15. In view thereof, I am of the considered view that, this is a fit case where the interference under Article 227 of the Constitution is warranted. It is settle position of law that this Court can interfere with the orders passed by the authorities under Article 227 of the Constitution of India if the orders are found to be either arbitrary, unreasonable or perverse. Since the orders passed by both respondent No.5 as well respondent No.2 are perverse, arbitrary and unreasonable as those suffers on count of non-compliance of the provisions of Clause 3(1) and (2) of the said Government Resolution same deserves to be quashed and set aside. 16. As far as the contention of respondents No.2 to 5 that after removal of petitioners from their respective posts other candidates have been appointed vide order dated 30.04.2024 is concerned, persual of appointment orders issued in favour of those candidates depicts that those appointments have been made subject to outcome of this writ petition, therefore, since the order impugned are erroneous and liable to be quashed and set aside, the petitioners deserves to be reinstated on their respective posts and, therefore, the submission of respondents No.2 to 5 in that regard is unacceptable. 17. Hence, the following order : ORDER A. The writ petition is allowed.
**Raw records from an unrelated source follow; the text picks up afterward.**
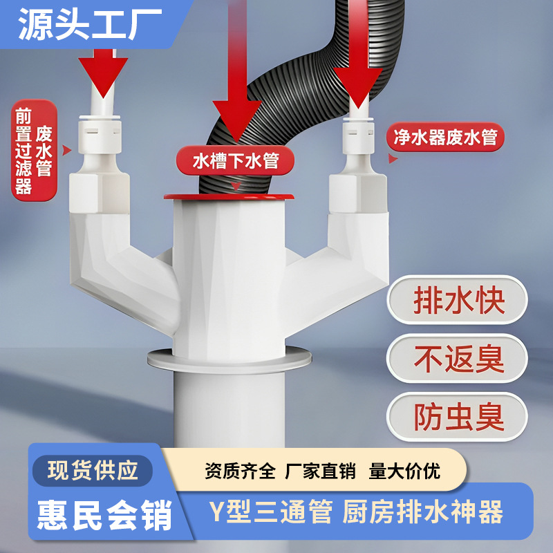 台所下水三方三合一水槽下水管三方継手防臭浄水器排水管汎用型
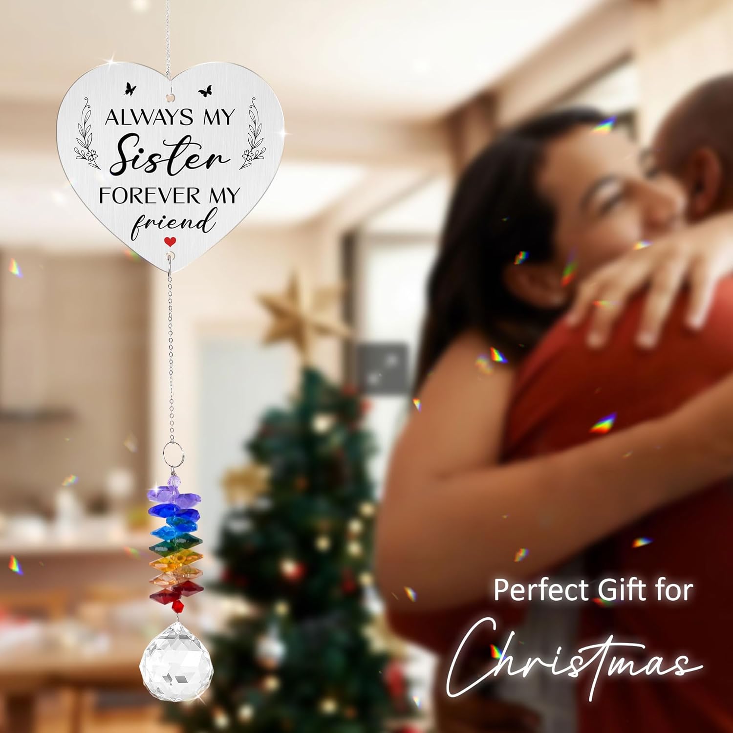 Aluminum Ornament Suncatcher Birthday Gift for Sisters - Unique Gift from Sister Brother - Crystal Rainbow Maker - Sister Suncatcher - Window Hangings Home & Garden Decor
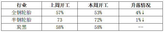 輪胎及炭黑行業(yè)開工情況統計表
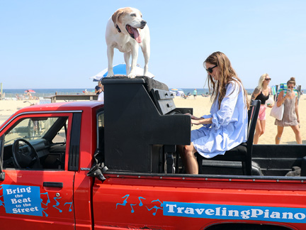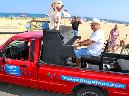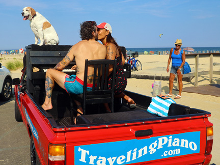 I am like, "did that just happen?" Mo and I got going at noon and drove to the beach which was an hour and a half away. It felt like it had been a life time since being at the Jersey Shore. We drove down the main beach road and then pulled into a bay area to get out and stretch. I almost cried with emotion in being there. The beach is my favorite place, the air and the environment, the day was perfect. Of course there were a lot of people around and I had to constantly adjust to that fact to share the experience. Usually I go to the beach when no one is around. I've been very lucky that way. As I drove the length, I began to scope out spots where I could get a photo of the Traveling Piano with the sand and ocean. We found a perfect spot right on the boarder of Belmar and Spring Lake Heights. I was going to get a photo and move on but ended up spending the entire time there. Everyone was easy going, the people, meter guy, rent-a-cops, the real police, the beach ticket takers... I kept waiting for someone to tell me to move on but it did not happen. We we're very welcomed.

B. The impugned order dated 13.02.2024 passed by respondent No.5 and order dated 04.03.2025 passed by respondent No.2 are hereby quashed and set aside. C. The respondents are directed to reinstate the petitioners on the posts of Anganwadi worker and Anganwadi helper respectively in Anganwadi No.517 situated at village Takali (Dhoki), Tq. and District Dharashiv, within four (4) weeks from today. D. Rule is thus made absolute in above terms with no order as to costs.